A second thing that sticks with me in this reading, though, is the marking of the story of Israel with the “deportation to Babylon” (vv. 11, 17). The word literally means something like “change of homes.” We all know historically and sociologically what a significant event this was for the development of the nation of Israel. And we have all thought about how odd a marker this is for the genealogy (like the inclusion of Tamar, Rahab, and Ruth). However, what strikes me here is the language of “changing homes.” This writer seems to note how important stepping outside of the physical geography of Israel’s story is for what has led to his story. That is, the story took a circuitous root through Babylon to get where it is today, and that route is worth noting, as significant a marker as Abraham and David (v. 17).
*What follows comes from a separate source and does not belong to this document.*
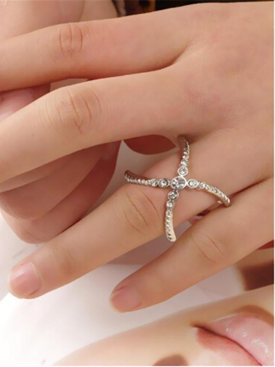 Moda Feminina Rhinestone Crystone Twisted "X" Longo Anel
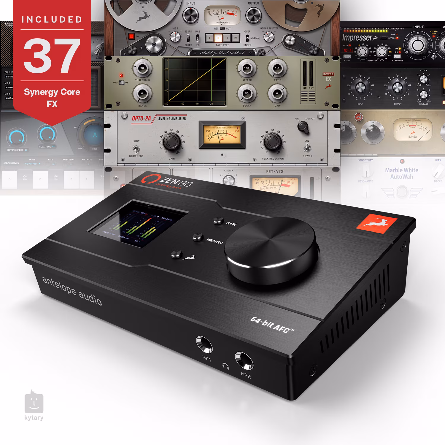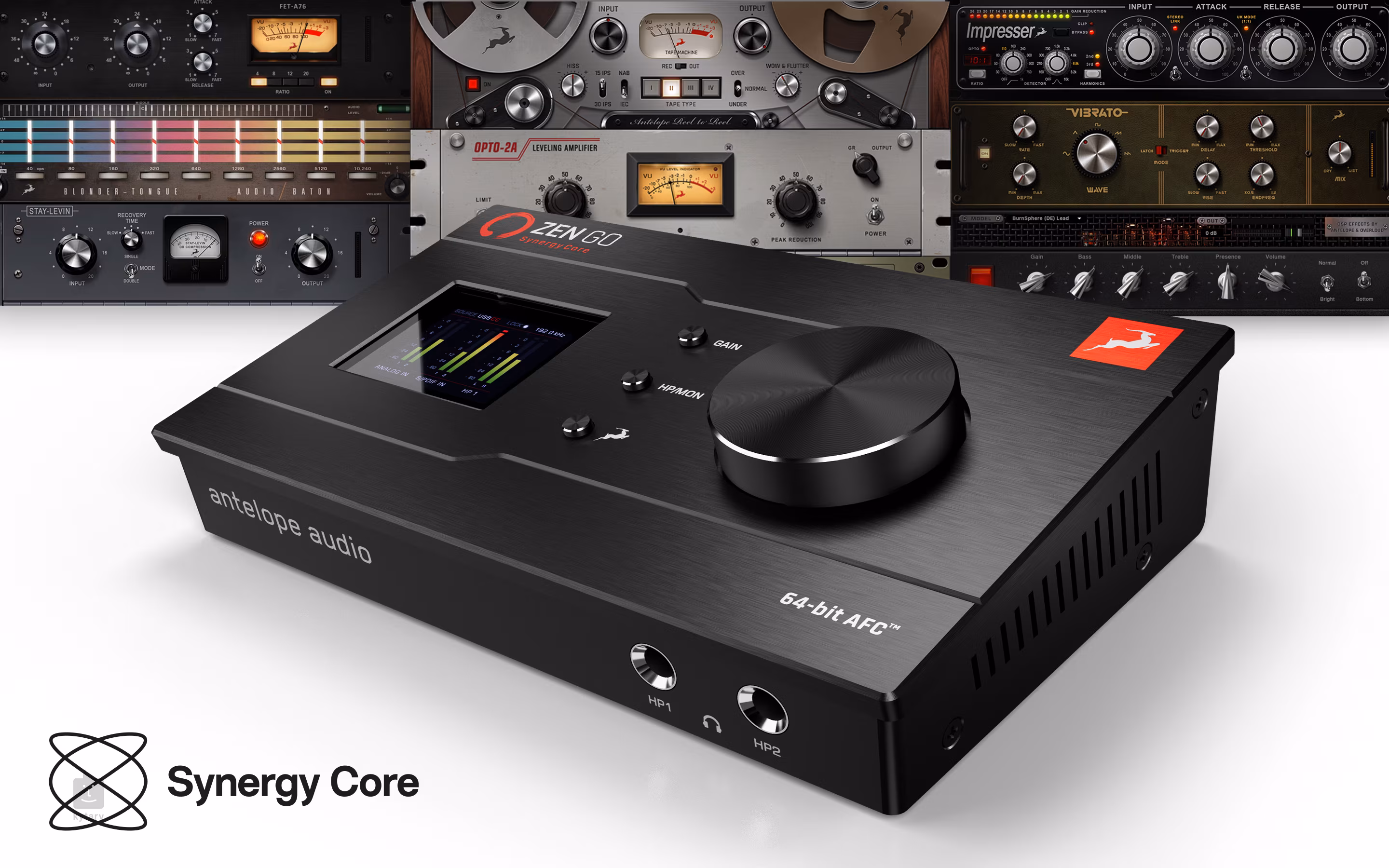 Zen Go Synergy Core est une petite interface de bureau portable qui permet aux artistes créatifs de créer depuis pratiquement n'importe où en utilisant des technologies utilisées et appréciées par les producteurs de classe mondiale. La qualité sonore et les capacités de traitement de cet appareil sont inégalées dans sa catégorie grâce à la célèbre technologie d'horloge 64 bits d'AFC™ Antelope Audio et à la puissante plateforme intégrée Synergy Core, chargée d'effets.

So it’s clear from the very opening of this chapter that this is a story of continuity and discontinuity. Matthew’s tying this figure of Jesus to the story of Israel we all know, but he’s doing so in an odd way. Perhaps he’s suggesting that this story we’re about to hear is going to make us rethink that story of Israel. We’ll start to recognize why events like the “changing of houses” are so significant. We’ll start to think about why the figures like Tamar, Rahab, and Ruth are significant. We’ll start to think about why blood relations matter, and yet why they do not. We skip over this chapter often because it strikes us as a mundane beginning to this story. This is the background the author feels he needs to include just to set some context for Jesus. As we slow down, though, we realize that this passage is not simply setting a historical context for Jesus, but rather introducing us to the hermeneutical shift that Matthew believes Jesus causes.